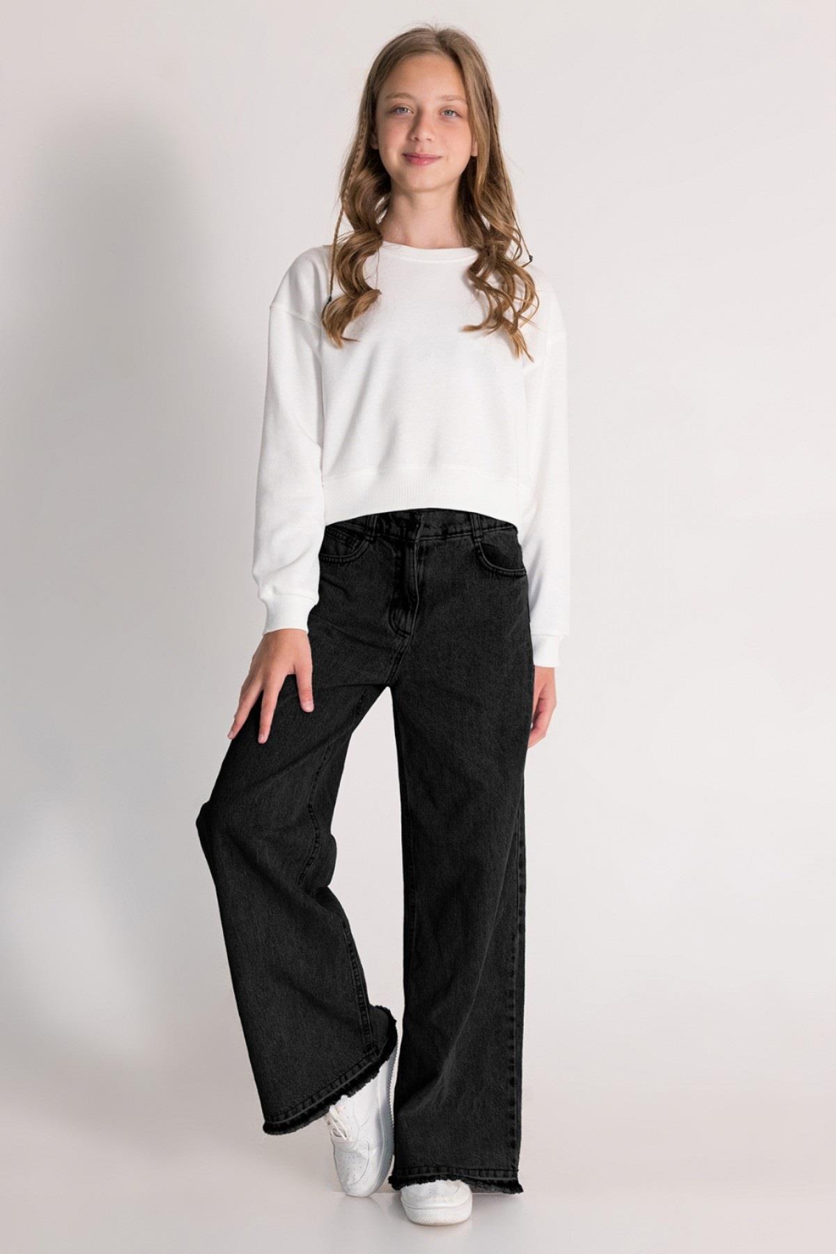 Mojo Kız Çocuk 9-14 Yaş Bol Paça Denim Pantolon 2985 Füme (24YKCDMB2985)
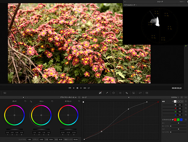 カスタムカーブを見ると、ともにコントラストを上げる調整である「S字」カーブ(ハイライトを上にドラッグし、シャドウは下げる)を描いている。ふたつの画像を見比べれば、ベクトルスコープを検証するまでもなく彩度の違いは一目瞭然だろう。
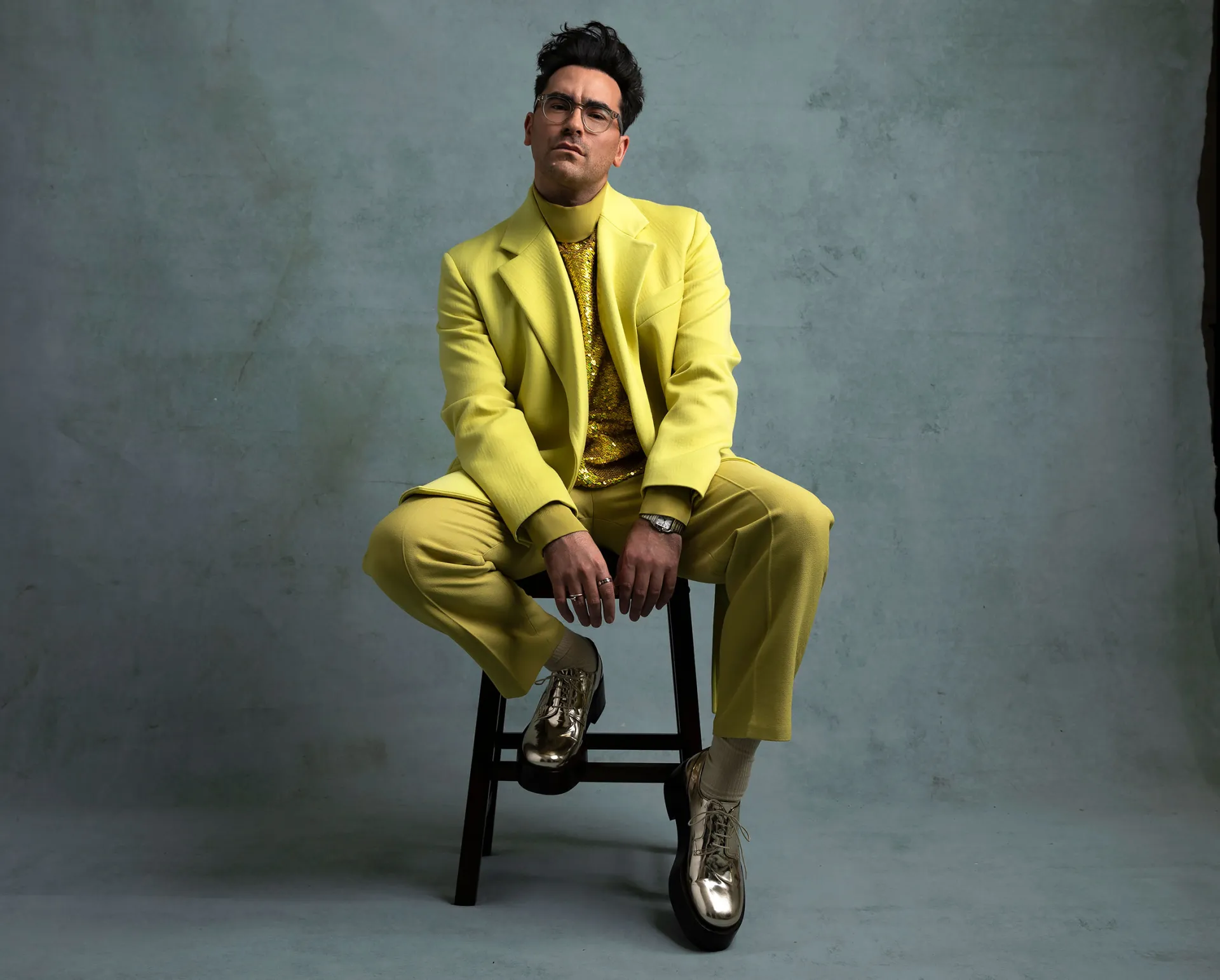 However, a few of the men choose to kick off the season with riskier ensembles. And let Us say, it paid off! Golden Globe nominee Dan Levy showed up rocking a chartreuse Valentino suit a la David Rose. He paired the bright blazer and pants with a sequin turtleneck and metallic silver platform shoes.
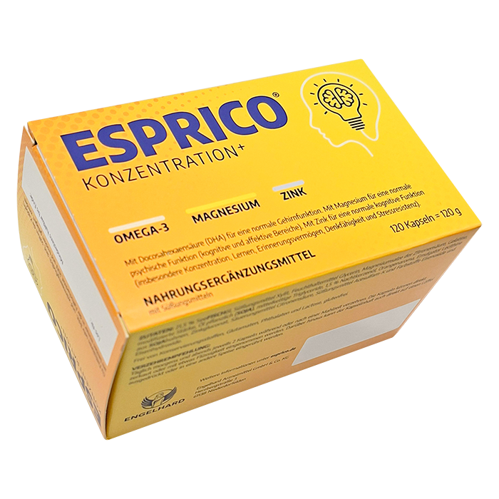 Esprico представляет собой комбинированный продукт, в котором соединены полиненасыщенные жирные кислоты и минералы, участвующие в работе нервной системы и когнитивных функций. Производитель подчеркивает роль ДГК в поддержании нормальной функции головного мозга, магния — в нормальной психической функции, а цинка — в нормальной когнитивной функции.
####
## REQUIREMENT
Output the listing unchanged, pictures excluded.

## RESPONSE
 Mojo Kız Çocuk 9-14 Yaş Bol Paça Denim Pantolon 2985 Füme (24YKCDMB2985)
 カスタムカーブを見ると、ともにコントラストを上げる調整である「S字」カーブ(ハイライトを上にドラッグし、シャドウは下げる)を描いている。ふたつの画像を見比べれば、ベクトルスコープを検証するまでもなく彩度の違いは一目瞭然だろう。
 However, a few of the men choose to kick off the season with riskier ensembles. And let Us say, it paid off! Golden Globe nominee Dan Levy showed up rocking a chartreuse Valentino suit a la David Rose. He paired the bright blazer and pants with a sequin turtleneck and metallic silver platform shoes.
 Esprico представляет собой комбинированный продукт, в котором соединены полиненасыщенные жирные кислоты и минералы, участвующие в работе нервной системы и когнитивных функций. Производитель подчеркивает роль ДГК в поддержании нормальной функции головного мозга, магния — в нормальной психической функции, а цинка — в нормальной когнитивной функции.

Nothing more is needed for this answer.